JBRA Assist. Reprod. 2025;29(Suppl 1):36-36
POSTER PRESENTATION

doi: 10.5935/1518-0557.20250090

P-022. Towards Innovative Male Infertility Diagnosis and Treatment: Decoding Protein Interactions and Genetic Variants

Ania A. Manjon1, Sergio A. Garay2, Anahí Juarez2, Mónica H. Vazquez-Levin1

1Instituto de Biología y Medicina Experimental (IBYME; CONICET) (Buenos Aires, Argentina)
2Facultad de Bioquímica y Ciencias Biológicas, Universidad Nacional del Litoral (Santa Fe, Argentina)
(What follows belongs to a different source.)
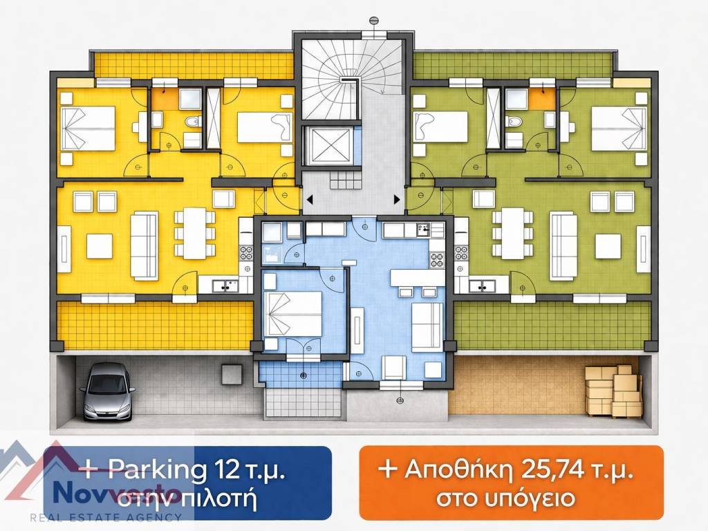 For Sale – Modern 1-Bedroom Apartment in a Newly Built Development Agios Georgios | Larissa, Greece Price: €84.000 Net Surface: 40 sq.m. The Property Located in a modern two-storey building currently under construction (works starting Spring 2026), this 1-bedroom apartment is situated in a quiet and developing area of Larissa. Designed with functionality and comfort in mind, the property offers a well-planned layout and a private outdoor space, making it ideal for both personal use and investment. ✨ Key Features • 1 bedroom • Open-plan living room – kitchen • 1 bathroom • Balcony total 6.26 sq.m. • Front balcony + semi-outdoor space • Bright and functional layout Additional Benefits • Private parking space in pilotis (12.15 sq.m.) • Spacious underground storage room 25.74 sq.m. (with electricity) • Pre-installation for electric vehicle charging • Elevator with access to basement • Dual vehicle entrance/exit for easy access Energy Efficiency & Construction • Underfloor heating with individual natural gas boiler • Solar water heater + boiler for hot water • External thermal insulation (8–10 cm) • Energy-efficient window frames with double glazing • Full thermal insulation (floor & roof) • High-quality modern construction standards Location Situated in a peaceful area of Agios Georgios, with easy access to: • schools • public transport • main roads and essential amenities Why it stands out ✔ Ideal for investment or first home ✔ Low energy consumption ✔ Includes storage & parking ✔ Ready for modern living (EV charging infrastructure) For more information or to schedule a viewing, contact us: Novvesto Real Estate – Odysseas Grammenos ◉ Property Code: LAR9021

Objective: Preventing fertilization failure requires a better understanding of sperm-egg interactions and predictive testing. Fertilization involves binding and fusion of the spermatozoon and the oocyte. Using biochemical and cell biology approaches, IZUMO1 was identified as the first sperm protein essential for fertilization. Its receptor, oocyte’s JUNO/IZUMO1R, was later found essential for gamete interaction. Their significance in this event led to further molecular characterization and identification of amino acids involved in the IZUMO1-JUNO binding: amino acids Trp148, His157 and Arg160 in IZUMO, and Lys81 and Trp62 in JUNO. In addition, Trp88 and Trp113 were found needed for IZUMO fusion. In recent years, other proteins present in both sperm and oocytes have been found to play a role in gamete interactions, thus increasing the process complexity. Our laboratory identified IZUMO4, another IZUMO family member, involvement in sperm-oocyte binding/fusion. A deep and thorough molecular and genomic characterization of these genes using bioinformatics and computational biology groundbreaking tools will provide essential knowledge to identify key players and better understand sperm-oocyte recognition. Moreover, they will lead to improved infertility diagnosis and treatment with cutting-edge innovative and precise molecular approaches. General
Objective: To explore innovative molecular approaches to further characterize fertilization-related events and provide novel approaches for future infertility diagnosis. Specific
Objectives: To evaluate 1) IZUMO1 and IZUMO4 RNA expression in healthy and pathological samples; 2) To model IZUMO-JUNO protein interaction and assess the amino acids involved, and 3) To explore and identify protein functional hotspots (amino acids predicted crucial for protein function) and genetic variants (changes in DNA sequence).
Methods: Bioinformatics and computational biology tools were used, including the Human Protein Atlas (HPA) and Gene Expression Omnibus (GEO), AlphaFold2, gnomAD, and AlphaMissense.
Results: RNA expression analysis in tissues and sperm: Both IZUMO1 and IZUMO4 RNAs expression was found enriched in the testis (nTPM = 18.4 and nTPM = 430.8, respectively) in meiotic and postmeiotic germ cells (HPA database). IZUMO4 but not IZUMO1 RNAs were less abundant in patients with teratozoospermia compared to normozoospermic individuals (GEO; GSE6969, Mann-Whitney test, p<0.0001). Protein interaction modeling: IZUMO4-JUNO interaction was analyzed using AlphaFold2 modeling, resulting in a reliable model (ranking confidence=0,67, pTM=0,73, ipTM=0,65). Amino acids relevant for their interaction were identified. The IZUMO1-JUNO interaction model was re-assessed considering IZUMO4 participation.Protein functional amino acids: AlphaMissense was used to identify functional hotspots in IZUMO1 and IZUMO4, by calculating the average pathogenicity score for each residue, considering all possible substitutions with high confidence. For IZUMO1, Trp148 and Trp113, previously shown to be critical for JUNO binding and fusion, respectively, along with 31 other amino acids were identified as hotspots. For IZUMO4, 11 amino acids were identified as functional hotspots.Genetic variation and hotspots: Heterozygous carriers of missense variants affecting key amino acids were identified in both genes. IZUMO1: gnomAD metrics revealed low tolerance to missense mutations. Carriers for variants affecting Trp88 (essential for fusion), Trp148, His157 and Arg160 (essential for binding) were found. Carriers of variants affecting 22 out of 33 functional hotspots were identified (including Trp148). IZUMO4: carriers of variants affecting amino acids involved in interaction with JUNO were identified, as well as carriers of variants in 10 of the 11 functional hotspots.
Conclusion: Bioinformatics and computational biology tools here presented have enhanced our understanding on essential proteins in successful fertilization. Alongside RNA expression and protein modeling, genetic analysis has identified heterozygous carriers of pathogenic variants in the general population, underscoring the importance of genetic studies as part of infertility diagnostics. These findings will help redefine the molecular diagnosis of male infertility, reduce the risk of fertilization failure, and guide effective therapeutic strategies in the evolving field of medically assisted reproduction.